By Kelly Ann
Do you ever hear a song for the first time, and something about it, the melody or the lyrics or the way it makes you feel, instantly brings back a memory? You're transported to that moment you had pushed to the very depths of your mind. The sights, the smells, the sounds, the way your heart felt, the way someone looked at you, the words that spilled from your lips. You relive it. Every second of it. A lot of songs do that for me - Re: Stacks by Bon Iver, Almost Lover by A Fine Frenzy, and this song: Promise by the always inspiring Ben Howard.
It brings me back to my flower field on a cold, wet day. My wild red hair in my eyes, my brown boots muddy, tears falling - but you couldn't tell with the rain softly falling on my face. His favorite hat, cheeks red with frustration, eyes that emoted both sadness and hope. He was leaving soon, for a short time. But he wasn't going without some answers.
"Who are we? What are we? I want this. I want you. Can we try? Promise me, darlin'. I'll come back soon, just promise." he said.
"I don't know. I just don't know." I whispered.

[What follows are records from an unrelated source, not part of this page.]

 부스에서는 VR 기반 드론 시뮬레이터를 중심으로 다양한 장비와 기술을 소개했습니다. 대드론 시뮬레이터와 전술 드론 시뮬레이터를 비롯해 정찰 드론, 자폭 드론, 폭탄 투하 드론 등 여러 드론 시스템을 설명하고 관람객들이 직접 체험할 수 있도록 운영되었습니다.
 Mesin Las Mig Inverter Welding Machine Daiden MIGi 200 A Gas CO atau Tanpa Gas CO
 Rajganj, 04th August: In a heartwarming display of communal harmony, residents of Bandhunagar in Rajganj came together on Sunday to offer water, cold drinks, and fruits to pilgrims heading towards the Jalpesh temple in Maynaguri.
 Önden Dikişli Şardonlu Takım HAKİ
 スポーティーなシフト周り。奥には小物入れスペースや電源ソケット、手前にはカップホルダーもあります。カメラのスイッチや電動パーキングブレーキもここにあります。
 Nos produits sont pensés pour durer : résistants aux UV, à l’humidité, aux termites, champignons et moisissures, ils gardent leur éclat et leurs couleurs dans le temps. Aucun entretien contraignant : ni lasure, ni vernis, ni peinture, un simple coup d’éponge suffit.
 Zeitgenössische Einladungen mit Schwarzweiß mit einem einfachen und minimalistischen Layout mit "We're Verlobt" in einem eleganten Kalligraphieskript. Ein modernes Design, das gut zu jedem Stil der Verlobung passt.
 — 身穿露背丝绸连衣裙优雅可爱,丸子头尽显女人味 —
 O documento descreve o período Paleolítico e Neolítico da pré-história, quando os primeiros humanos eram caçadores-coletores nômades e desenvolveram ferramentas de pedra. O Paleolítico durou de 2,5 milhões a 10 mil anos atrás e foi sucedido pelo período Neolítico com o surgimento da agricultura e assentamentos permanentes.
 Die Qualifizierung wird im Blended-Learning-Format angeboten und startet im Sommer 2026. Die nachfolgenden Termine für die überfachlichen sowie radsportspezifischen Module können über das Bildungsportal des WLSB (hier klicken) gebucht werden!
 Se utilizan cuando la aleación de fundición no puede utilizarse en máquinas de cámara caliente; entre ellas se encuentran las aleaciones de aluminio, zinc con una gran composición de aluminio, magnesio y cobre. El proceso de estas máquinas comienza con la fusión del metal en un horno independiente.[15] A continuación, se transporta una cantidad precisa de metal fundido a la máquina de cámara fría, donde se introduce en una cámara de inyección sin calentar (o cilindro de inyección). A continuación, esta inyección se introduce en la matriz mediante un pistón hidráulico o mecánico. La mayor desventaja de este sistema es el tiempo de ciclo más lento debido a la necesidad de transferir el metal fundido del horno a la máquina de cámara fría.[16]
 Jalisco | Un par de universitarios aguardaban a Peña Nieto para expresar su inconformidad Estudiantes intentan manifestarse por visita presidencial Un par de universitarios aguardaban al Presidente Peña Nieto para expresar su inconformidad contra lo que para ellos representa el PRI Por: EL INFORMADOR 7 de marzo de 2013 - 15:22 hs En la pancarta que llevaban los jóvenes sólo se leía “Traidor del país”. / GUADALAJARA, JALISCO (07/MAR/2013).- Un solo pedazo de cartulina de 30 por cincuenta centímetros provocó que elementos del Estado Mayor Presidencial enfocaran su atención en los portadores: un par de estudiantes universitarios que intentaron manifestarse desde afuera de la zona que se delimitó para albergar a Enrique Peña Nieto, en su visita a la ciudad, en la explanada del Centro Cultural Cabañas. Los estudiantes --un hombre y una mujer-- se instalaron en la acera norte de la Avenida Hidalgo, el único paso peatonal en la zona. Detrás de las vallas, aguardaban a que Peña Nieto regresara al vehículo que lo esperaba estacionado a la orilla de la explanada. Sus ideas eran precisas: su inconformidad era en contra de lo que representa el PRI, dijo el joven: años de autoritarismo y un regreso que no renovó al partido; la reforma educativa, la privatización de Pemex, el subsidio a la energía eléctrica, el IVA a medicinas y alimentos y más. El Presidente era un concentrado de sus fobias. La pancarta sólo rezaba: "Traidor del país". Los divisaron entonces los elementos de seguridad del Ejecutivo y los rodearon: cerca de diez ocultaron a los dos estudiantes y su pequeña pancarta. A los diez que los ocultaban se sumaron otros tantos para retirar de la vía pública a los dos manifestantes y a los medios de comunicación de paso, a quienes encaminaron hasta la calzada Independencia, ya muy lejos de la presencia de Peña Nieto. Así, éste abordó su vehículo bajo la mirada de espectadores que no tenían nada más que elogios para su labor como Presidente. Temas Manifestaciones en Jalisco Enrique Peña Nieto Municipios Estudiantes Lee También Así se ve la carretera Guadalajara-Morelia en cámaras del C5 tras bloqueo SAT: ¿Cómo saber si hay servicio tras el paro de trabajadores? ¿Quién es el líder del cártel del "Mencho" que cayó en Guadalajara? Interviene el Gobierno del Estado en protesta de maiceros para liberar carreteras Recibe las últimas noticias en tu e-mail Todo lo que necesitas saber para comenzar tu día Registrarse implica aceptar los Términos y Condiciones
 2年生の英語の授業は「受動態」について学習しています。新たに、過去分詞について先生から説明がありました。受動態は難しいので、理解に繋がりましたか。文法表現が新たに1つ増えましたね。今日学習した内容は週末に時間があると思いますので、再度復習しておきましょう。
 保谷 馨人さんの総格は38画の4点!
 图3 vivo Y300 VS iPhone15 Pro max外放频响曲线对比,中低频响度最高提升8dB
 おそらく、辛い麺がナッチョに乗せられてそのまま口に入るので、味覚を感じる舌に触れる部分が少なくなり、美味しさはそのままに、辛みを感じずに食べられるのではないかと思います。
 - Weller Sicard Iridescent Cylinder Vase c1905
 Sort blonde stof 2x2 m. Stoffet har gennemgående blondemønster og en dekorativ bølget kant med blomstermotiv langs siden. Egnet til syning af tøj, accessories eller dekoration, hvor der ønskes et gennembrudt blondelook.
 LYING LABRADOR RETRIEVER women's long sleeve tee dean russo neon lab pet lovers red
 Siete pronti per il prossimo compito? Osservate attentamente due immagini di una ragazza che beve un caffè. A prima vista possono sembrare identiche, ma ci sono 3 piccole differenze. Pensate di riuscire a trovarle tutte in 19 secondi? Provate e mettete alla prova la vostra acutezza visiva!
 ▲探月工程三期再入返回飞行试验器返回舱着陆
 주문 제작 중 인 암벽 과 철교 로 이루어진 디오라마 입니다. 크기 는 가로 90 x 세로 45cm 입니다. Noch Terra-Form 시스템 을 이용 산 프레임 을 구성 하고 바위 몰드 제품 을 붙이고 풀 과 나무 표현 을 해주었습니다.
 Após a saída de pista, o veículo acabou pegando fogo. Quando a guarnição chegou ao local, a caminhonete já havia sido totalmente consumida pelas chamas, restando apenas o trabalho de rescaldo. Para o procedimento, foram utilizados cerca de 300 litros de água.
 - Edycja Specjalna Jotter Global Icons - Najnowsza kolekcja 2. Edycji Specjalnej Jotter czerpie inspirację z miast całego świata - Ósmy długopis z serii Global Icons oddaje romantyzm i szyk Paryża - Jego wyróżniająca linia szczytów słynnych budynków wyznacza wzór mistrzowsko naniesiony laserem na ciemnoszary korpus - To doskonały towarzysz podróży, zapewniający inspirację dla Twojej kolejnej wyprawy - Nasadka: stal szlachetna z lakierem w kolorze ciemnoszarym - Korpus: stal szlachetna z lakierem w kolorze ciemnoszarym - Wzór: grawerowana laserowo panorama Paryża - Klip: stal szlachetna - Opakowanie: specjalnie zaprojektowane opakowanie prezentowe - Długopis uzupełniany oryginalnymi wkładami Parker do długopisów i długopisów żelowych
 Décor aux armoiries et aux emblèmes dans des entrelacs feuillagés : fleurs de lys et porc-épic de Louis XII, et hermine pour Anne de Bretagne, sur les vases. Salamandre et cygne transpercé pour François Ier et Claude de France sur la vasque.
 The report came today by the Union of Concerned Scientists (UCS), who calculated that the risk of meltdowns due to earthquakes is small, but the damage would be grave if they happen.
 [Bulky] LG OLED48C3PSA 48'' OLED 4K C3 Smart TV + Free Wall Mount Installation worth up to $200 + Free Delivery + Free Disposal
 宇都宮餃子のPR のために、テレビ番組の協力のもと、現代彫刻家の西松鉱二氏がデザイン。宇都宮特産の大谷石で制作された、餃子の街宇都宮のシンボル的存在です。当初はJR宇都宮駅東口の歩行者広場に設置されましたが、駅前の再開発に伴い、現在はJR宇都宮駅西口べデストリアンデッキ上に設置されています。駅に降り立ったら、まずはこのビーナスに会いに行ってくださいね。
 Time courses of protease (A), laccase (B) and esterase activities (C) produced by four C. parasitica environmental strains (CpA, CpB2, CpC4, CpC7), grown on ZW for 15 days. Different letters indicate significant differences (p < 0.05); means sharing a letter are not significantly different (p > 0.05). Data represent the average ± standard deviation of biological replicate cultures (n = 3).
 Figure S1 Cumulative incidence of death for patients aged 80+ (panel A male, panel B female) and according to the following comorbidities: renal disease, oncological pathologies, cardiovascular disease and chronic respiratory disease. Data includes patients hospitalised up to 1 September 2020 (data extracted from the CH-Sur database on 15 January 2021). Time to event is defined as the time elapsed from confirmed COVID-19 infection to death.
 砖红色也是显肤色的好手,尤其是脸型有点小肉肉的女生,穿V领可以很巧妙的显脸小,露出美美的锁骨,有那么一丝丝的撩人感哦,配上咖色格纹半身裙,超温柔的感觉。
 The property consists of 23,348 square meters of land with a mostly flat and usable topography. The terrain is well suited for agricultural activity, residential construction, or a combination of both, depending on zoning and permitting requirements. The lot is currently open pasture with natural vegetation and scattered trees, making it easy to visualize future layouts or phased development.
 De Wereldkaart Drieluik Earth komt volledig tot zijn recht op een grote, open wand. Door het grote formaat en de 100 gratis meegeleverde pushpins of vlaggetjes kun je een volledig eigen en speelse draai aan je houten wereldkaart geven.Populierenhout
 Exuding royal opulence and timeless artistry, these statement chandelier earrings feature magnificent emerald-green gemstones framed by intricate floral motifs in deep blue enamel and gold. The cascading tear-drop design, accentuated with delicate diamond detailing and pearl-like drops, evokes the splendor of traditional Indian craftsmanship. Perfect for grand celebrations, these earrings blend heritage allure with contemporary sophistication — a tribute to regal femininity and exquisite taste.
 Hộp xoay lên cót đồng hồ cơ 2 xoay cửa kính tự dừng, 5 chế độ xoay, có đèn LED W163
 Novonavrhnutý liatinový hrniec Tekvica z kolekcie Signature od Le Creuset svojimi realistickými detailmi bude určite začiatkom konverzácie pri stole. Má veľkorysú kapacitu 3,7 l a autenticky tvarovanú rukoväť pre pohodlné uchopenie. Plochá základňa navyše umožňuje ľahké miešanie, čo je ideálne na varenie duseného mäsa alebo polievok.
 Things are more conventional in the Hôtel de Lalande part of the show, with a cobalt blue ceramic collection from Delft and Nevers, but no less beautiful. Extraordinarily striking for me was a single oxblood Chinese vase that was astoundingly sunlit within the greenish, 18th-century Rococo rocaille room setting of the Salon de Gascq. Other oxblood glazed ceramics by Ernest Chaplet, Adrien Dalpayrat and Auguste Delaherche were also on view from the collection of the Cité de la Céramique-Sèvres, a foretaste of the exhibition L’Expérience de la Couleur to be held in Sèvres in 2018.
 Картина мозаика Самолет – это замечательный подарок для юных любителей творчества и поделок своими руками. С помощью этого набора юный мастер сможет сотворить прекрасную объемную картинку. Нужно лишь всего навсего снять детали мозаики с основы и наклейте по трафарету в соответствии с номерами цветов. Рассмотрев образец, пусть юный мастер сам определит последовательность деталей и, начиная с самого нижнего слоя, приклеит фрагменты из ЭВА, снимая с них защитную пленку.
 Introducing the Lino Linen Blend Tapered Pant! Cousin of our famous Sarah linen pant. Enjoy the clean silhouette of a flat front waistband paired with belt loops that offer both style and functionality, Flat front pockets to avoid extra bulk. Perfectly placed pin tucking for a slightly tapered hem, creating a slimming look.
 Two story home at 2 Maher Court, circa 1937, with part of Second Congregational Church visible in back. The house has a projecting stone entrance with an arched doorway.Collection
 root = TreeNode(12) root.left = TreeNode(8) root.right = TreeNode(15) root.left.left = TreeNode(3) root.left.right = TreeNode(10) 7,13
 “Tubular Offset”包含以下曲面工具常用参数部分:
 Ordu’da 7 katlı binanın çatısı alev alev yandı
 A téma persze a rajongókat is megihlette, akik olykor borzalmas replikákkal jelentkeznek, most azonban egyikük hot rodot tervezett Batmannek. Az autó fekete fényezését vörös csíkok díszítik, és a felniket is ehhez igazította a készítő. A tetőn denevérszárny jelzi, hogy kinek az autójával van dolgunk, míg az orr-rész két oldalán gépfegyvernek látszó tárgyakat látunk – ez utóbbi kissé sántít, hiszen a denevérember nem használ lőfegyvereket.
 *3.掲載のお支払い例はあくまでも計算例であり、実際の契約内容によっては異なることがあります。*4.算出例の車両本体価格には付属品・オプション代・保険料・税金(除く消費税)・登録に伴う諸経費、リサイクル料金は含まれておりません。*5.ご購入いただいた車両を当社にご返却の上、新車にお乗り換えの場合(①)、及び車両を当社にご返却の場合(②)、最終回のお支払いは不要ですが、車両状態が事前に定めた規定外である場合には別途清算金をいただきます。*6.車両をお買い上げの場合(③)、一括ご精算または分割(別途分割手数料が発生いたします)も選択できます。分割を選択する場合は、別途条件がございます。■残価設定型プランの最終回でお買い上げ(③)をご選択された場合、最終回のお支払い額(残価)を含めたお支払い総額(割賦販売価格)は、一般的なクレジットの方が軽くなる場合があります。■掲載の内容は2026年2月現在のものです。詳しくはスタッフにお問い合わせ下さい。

We were two passionate people who drove each other crazy. I thought we would eventually burn out - two similarly stubborn people would end up despising each other, right? I didn't want to get to that point. He wanted to try anyway. There, in the middle of those tall, tall mustard flowers that tried to shelter us. There, in the cold wind that surrounded us and the drip drop drip drop of the rain. There, with the grey sky that felt so fitting in that moment, we said things we both had kept bottled up, and maybe some things we didn't mean. Fiery words and sharp tongues clashed. Guts spilling and hearts cracking and electricity between two very strong beings. He finally moved a piece of hair from my eyes and whispered, "Let's. Just. Try."
As I looked at his face, it was like a veil of infatuation lifted and it hit me.
"I don't want to." The words spilled from my soul effortlessly. I made up my mind. And while a part of me was heartbroken, a part of me felt free. There was freedom in that sentence... I don't want to. I felt fiercely woman in that moment.
Four years later, that person has stayed with me. It didn't work out, but I learned a lot from him, and he learned a lot from me, and that's something. That rainy day in the field is bittersweet, both broken and whole, if that makes sense. Gentle, yet intense. Sadness and roaring freedom. Loss, but also a gain. There's something powerful in knowing what you want, or don't want, and honoring that. Knowing when to walk away (and knowing that we can walk away) and close that chapter. Knowing when to move on, when to shelter ourselves from what could be and go another way, when it's healthy for us to say goodbye. I'll never forget him, though, and I think of him fondly. His smile, the way he looked at people like they were the only ones in the room, that time he left a sticky note above my desk that said: You're you and that's the best thing. I will remember him always.
And deep in my heart... I will leave a mental sticky note next to that rainy-day memory that says: here, this is our song.